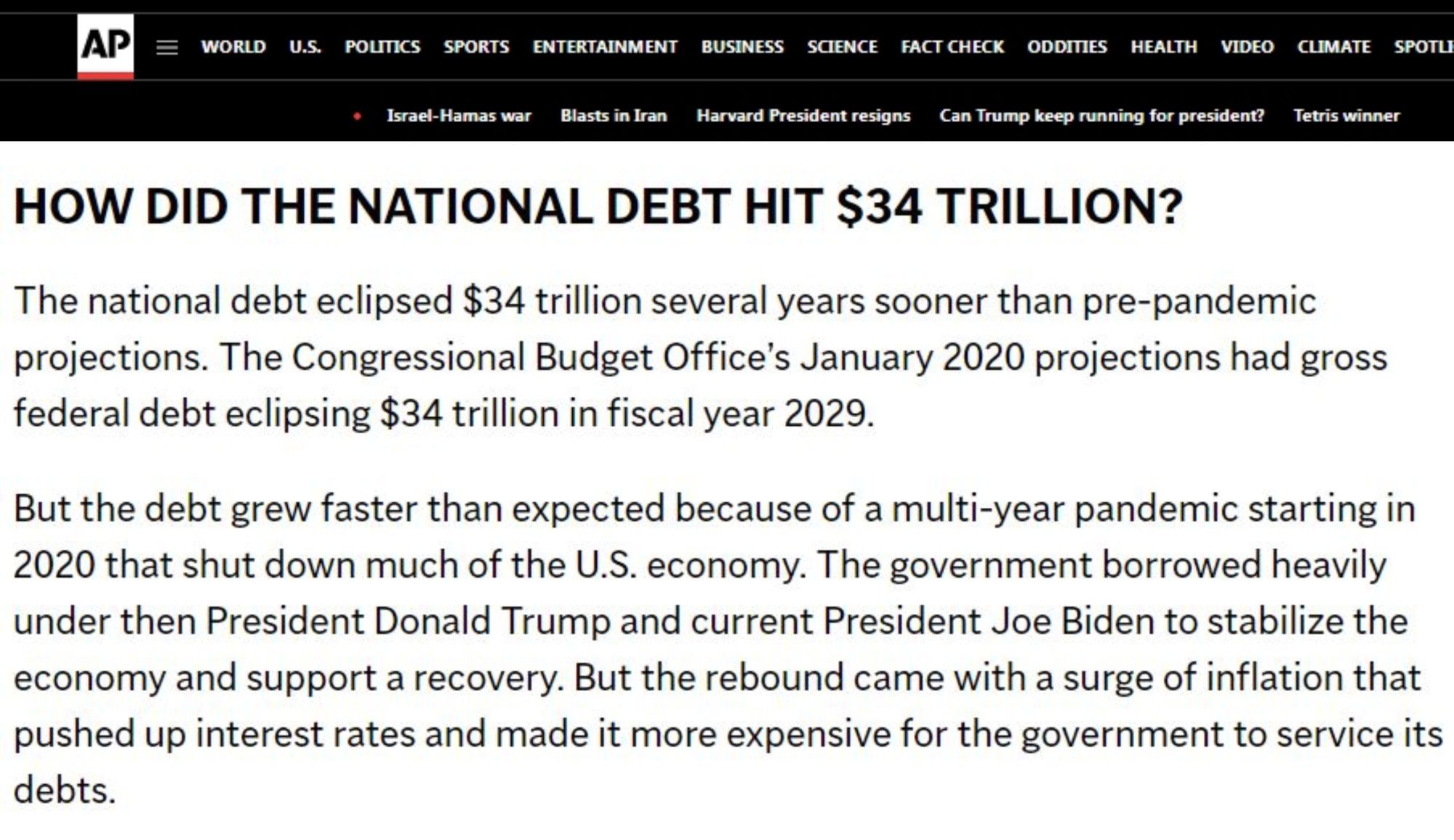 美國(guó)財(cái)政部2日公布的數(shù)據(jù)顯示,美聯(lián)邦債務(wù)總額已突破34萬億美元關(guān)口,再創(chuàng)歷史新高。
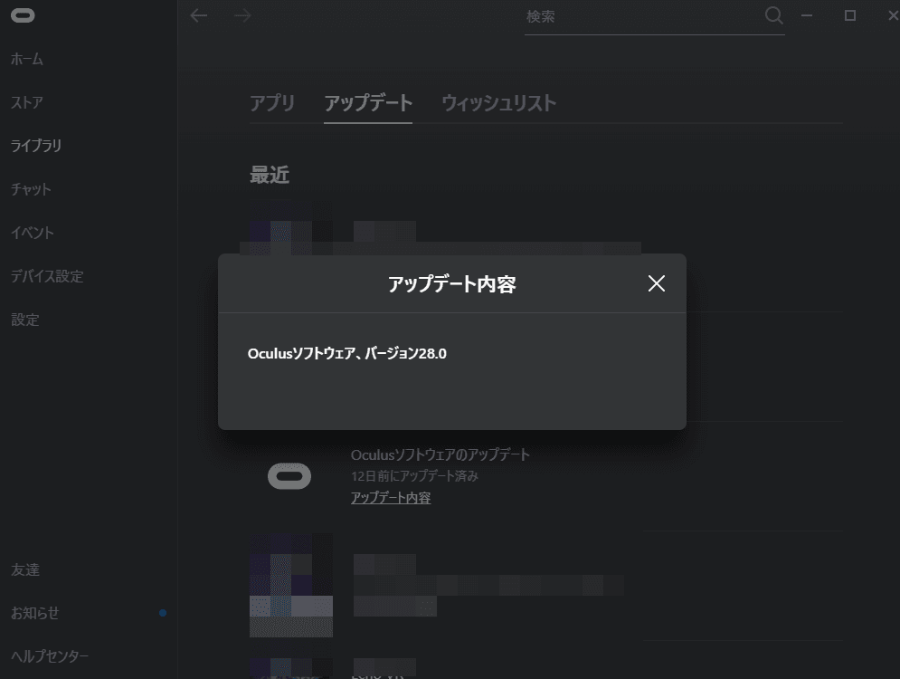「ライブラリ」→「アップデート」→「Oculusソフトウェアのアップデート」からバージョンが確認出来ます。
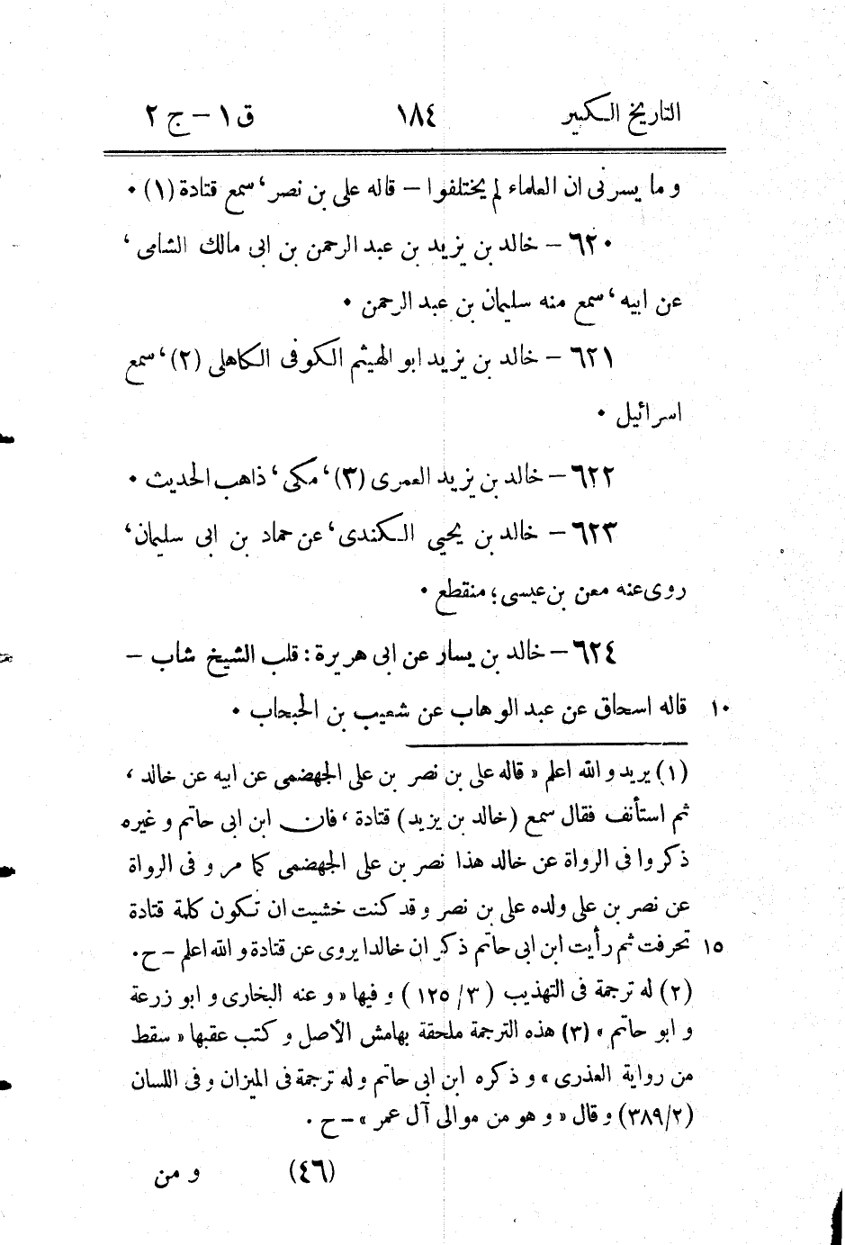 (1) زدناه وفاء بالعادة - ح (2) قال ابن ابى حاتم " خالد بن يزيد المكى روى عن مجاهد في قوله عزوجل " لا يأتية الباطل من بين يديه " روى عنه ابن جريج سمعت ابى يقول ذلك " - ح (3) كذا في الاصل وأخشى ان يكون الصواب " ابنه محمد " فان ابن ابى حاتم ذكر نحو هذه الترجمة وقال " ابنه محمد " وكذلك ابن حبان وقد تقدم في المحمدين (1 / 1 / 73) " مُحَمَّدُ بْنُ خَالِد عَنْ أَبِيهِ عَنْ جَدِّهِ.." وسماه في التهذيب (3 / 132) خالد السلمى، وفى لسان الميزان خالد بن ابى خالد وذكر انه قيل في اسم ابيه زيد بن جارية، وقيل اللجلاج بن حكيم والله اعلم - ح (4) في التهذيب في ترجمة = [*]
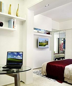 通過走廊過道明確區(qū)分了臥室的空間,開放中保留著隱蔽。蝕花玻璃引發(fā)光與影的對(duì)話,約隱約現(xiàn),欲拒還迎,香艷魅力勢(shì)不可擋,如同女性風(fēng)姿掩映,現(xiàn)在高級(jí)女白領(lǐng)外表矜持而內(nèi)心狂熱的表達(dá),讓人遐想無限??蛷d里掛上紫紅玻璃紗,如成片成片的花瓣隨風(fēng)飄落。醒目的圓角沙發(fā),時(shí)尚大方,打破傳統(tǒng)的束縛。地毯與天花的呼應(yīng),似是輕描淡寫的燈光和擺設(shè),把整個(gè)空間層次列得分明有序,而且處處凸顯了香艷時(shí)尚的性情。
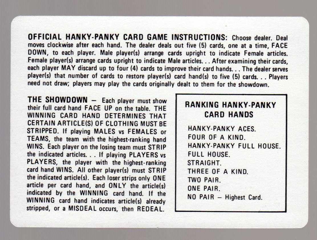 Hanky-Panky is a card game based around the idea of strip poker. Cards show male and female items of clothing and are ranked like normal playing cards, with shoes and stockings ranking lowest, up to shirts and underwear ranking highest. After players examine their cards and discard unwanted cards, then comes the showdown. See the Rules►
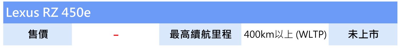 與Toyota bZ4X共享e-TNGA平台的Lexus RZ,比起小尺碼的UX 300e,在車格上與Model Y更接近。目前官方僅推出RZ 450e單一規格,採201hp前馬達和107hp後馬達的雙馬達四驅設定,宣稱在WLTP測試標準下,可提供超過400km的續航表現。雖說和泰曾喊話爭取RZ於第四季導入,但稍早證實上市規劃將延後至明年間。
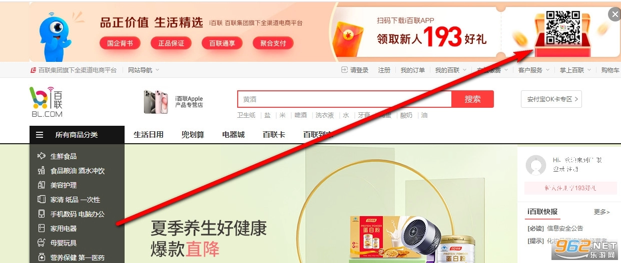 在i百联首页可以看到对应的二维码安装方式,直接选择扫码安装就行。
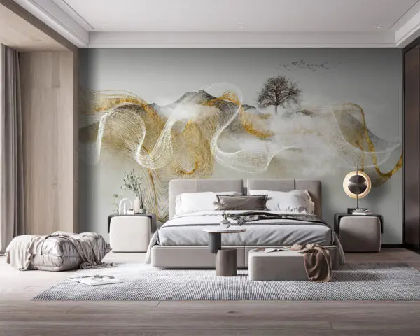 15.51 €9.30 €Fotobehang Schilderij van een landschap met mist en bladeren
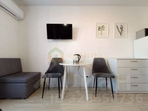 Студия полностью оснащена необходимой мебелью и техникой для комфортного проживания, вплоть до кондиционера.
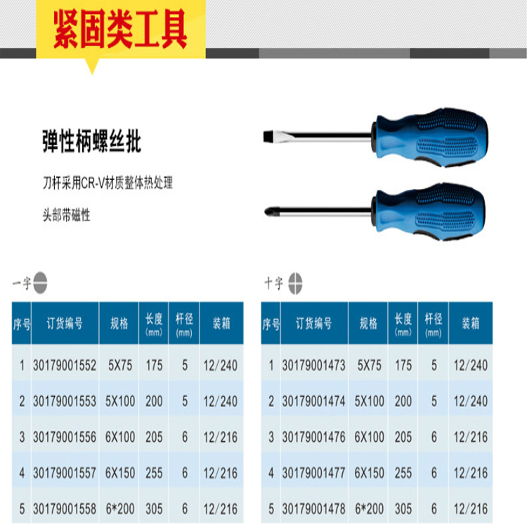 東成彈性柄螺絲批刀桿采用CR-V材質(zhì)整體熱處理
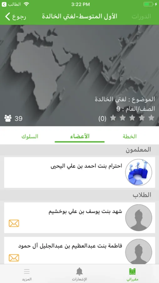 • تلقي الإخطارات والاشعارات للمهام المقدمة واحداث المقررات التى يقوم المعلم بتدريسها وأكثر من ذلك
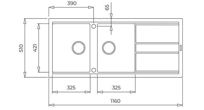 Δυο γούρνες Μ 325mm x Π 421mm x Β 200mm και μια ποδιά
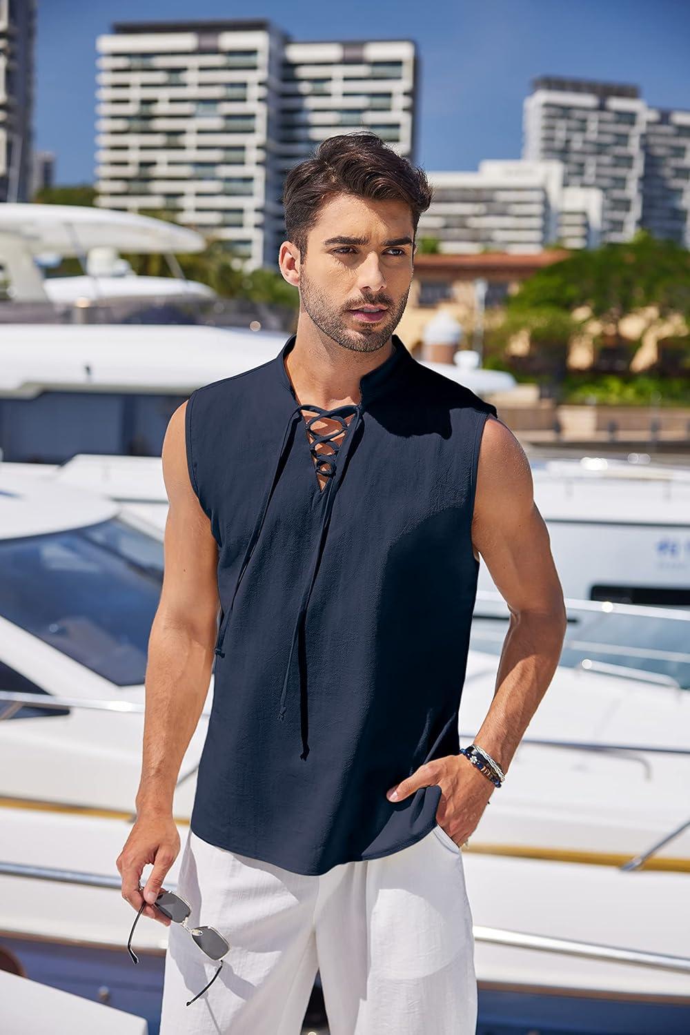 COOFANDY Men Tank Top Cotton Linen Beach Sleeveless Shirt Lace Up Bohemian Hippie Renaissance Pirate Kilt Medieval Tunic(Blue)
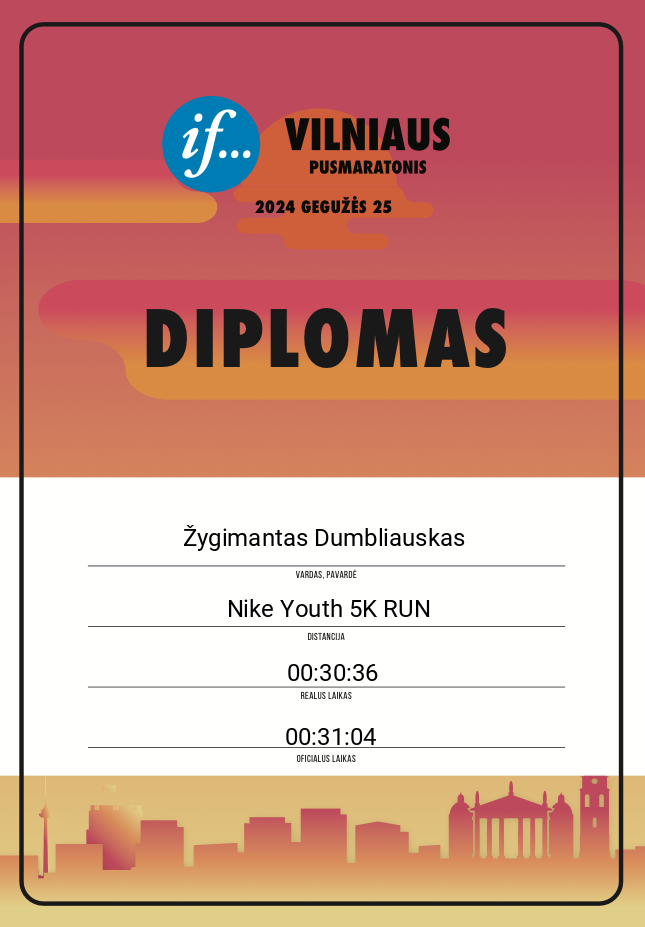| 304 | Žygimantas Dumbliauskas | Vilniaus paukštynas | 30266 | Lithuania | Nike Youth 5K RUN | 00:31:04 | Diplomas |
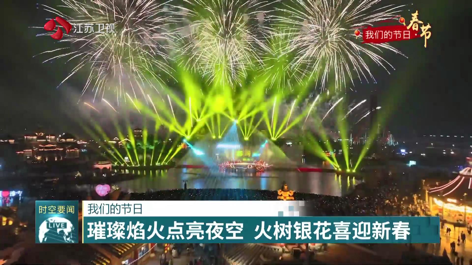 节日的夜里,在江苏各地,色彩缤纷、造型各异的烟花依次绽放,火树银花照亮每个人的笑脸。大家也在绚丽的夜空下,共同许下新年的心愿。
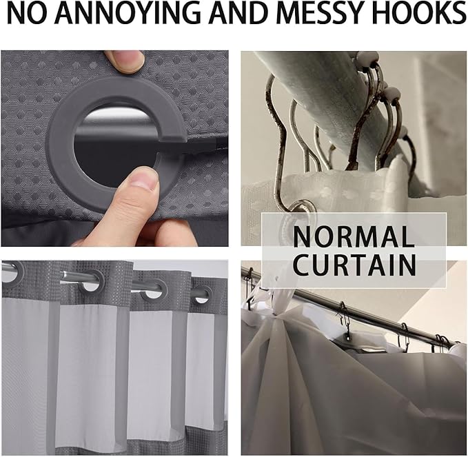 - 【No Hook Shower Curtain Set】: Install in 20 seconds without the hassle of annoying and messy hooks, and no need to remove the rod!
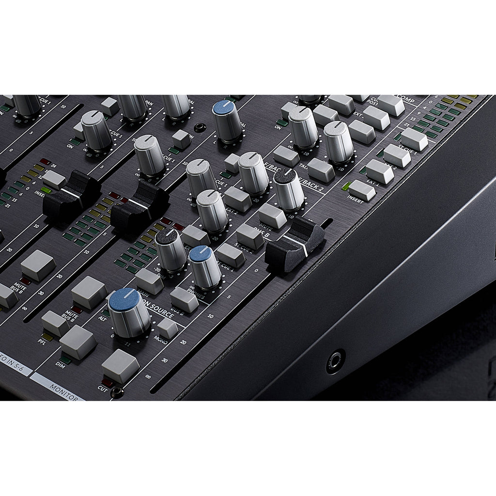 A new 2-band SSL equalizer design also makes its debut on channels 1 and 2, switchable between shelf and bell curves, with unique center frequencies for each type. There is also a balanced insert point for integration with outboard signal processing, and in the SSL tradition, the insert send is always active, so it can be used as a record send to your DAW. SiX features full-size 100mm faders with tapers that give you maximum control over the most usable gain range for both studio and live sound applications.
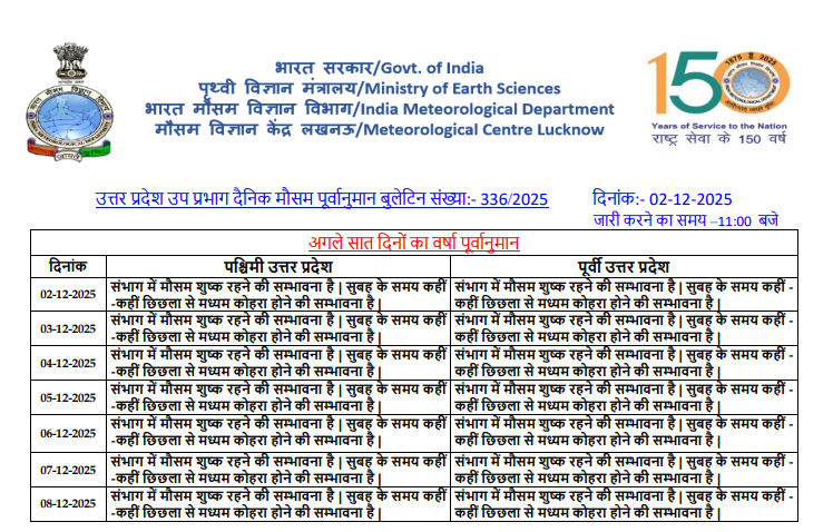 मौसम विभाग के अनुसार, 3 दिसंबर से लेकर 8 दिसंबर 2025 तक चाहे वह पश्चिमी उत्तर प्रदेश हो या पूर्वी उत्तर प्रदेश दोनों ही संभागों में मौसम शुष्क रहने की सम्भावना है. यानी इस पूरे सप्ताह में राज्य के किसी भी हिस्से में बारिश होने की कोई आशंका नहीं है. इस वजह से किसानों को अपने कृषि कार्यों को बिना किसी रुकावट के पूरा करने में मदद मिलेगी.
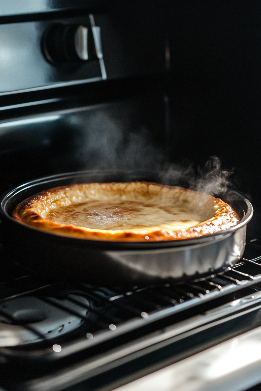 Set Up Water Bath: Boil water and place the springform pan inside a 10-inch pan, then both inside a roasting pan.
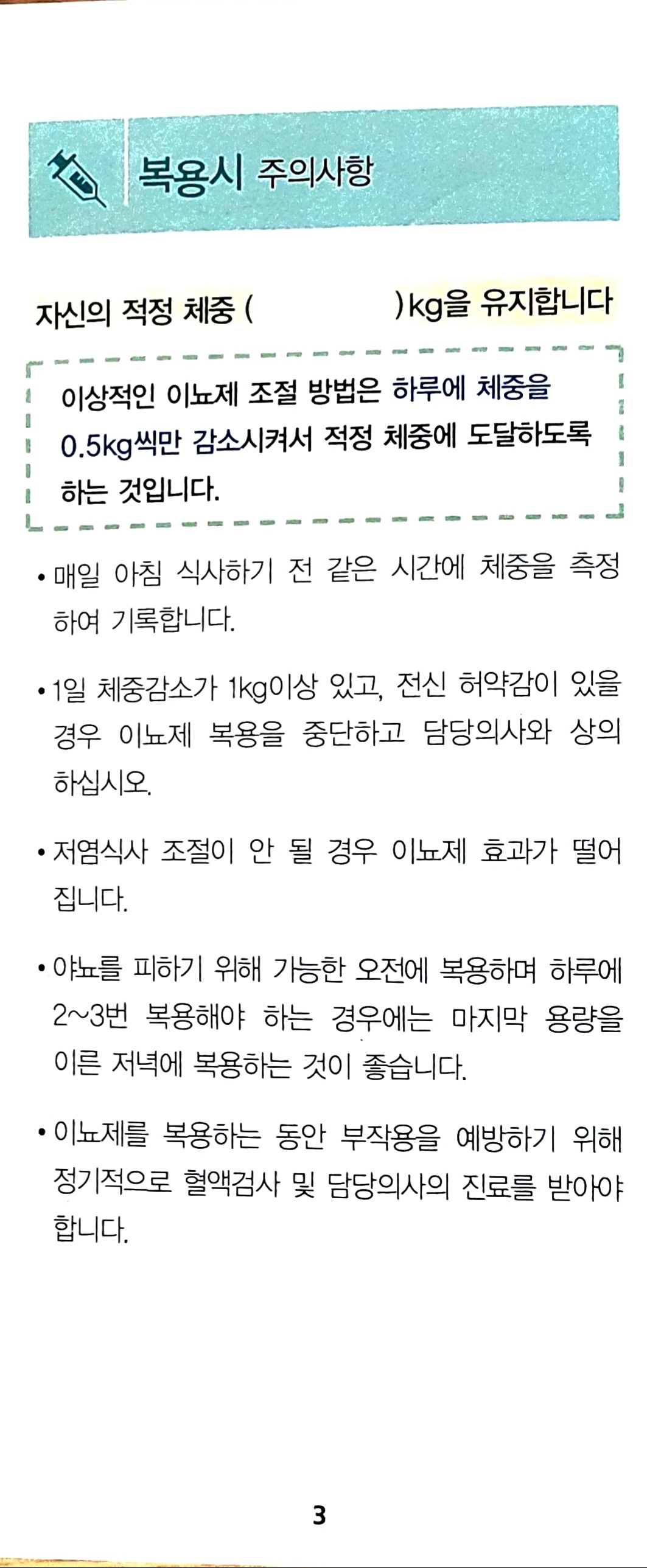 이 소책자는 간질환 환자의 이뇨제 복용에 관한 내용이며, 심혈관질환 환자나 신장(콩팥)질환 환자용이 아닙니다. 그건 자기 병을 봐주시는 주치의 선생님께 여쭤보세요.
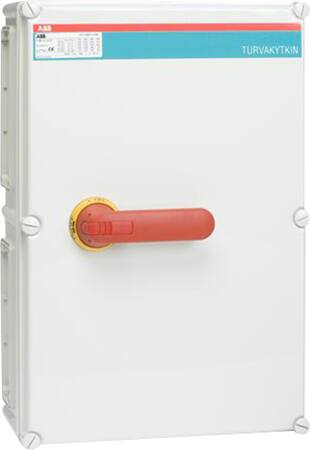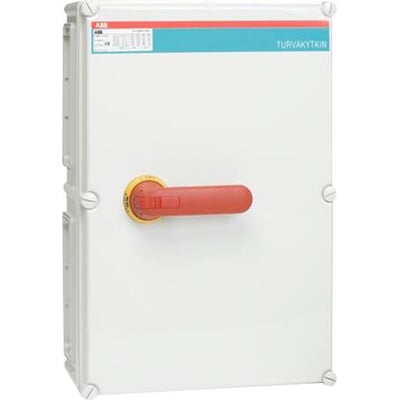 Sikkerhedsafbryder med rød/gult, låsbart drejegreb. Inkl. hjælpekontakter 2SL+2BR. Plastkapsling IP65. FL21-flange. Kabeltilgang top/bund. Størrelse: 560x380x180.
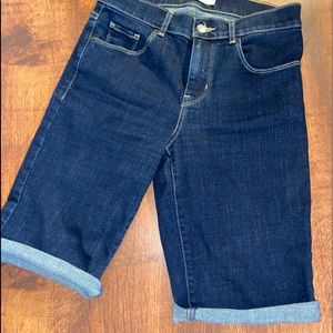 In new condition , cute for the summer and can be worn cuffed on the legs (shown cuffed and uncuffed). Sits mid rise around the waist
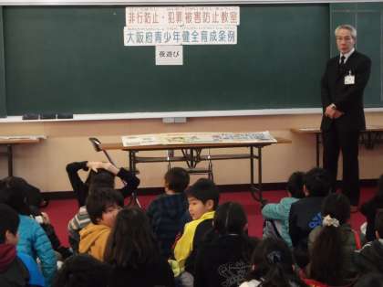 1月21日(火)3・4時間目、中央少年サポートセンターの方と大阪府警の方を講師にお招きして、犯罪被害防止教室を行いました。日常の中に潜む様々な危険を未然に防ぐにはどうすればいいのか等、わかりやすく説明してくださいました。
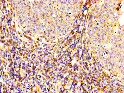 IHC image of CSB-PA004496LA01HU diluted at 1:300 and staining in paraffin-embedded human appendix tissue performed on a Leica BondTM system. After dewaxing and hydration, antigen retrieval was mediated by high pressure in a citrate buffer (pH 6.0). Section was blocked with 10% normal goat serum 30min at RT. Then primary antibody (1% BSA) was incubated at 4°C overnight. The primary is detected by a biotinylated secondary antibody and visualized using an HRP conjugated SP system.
——
• PROBLEM TO SOLVE: Return the stretch of data that begins with the line showing "Hanky-Panky is a" and goes on through the line showing "- 【No Hook Shower", exactly, with pictures removed.

• WRITTEN ANSWER:
 Hanky-Panky is a card game based around the idea of strip poker. Cards show male and female items of clothing and are ranked like normal playing cards, with shoes and stockings ranking lowest, up to shirts and underwear ranking highest. After players examine their cards and discard unwanted cards, then comes the showdown. See the Rules►
 與Toyota bZ4X共享e-TNGA平台的Lexus RZ,比起小尺碼的UX 300e,在車格上與Model Y更接近。目前官方僅推出RZ 450e單一規格,採201hp前馬達和107hp後馬達的雙馬達四驅設定,宣稱在WLTP測試標準下,可提供超過400km的續航表現。雖說和泰曾喊話爭取RZ於第四季導入,但稍早證實上市規劃將延後至明年間。
 在i百联首页可以看到对应的二维码安装方式,直接选择扫码安装就行。
 15.51 €9.30 €Fotobehang Schilderij van een landschap met mist en bladeren
 Студия полностью оснащена необходимой мебелью и техникой для комфортного проживания, вплоть до кондиционера.
 東成彈性柄螺絲批刀桿采用CR-V材質(zhì)整體熱處理
 • تلقي الإخطارات والاشعارات للمهام المقدمة واحداث المقررات التى يقوم المعلم بتدريسها وأكثر من ذلك
 Δυο γούρνες Μ 325mm x Π 421mm x Β 200mm και μια ποδιά
 COOFANDY Men Tank Top Cotton Linen Beach Sleeveless Shirt Lace Up Bohemian Hippie Renaissance Pirate Kilt Medieval Tunic(Blue)
| 304 | Žygimantas Dumbliauskas | Vilniaus paukštynas | 30266 | Lithuania | Nike Youth 5K RUN | 00:31:04 | Diplomas |
 节日的夜里,在江苏各地,色彩缤纷、造型各异的烟花依次绽放,火树银花照亮每个人的笑脸。大家也在绚丽的夜空下,共同许下新年的心愿。
 - 【No Hook Shower Curtain Set】: Install in 20 seconds without the hassle of annoying and messy hooks, and no need to remove the rod!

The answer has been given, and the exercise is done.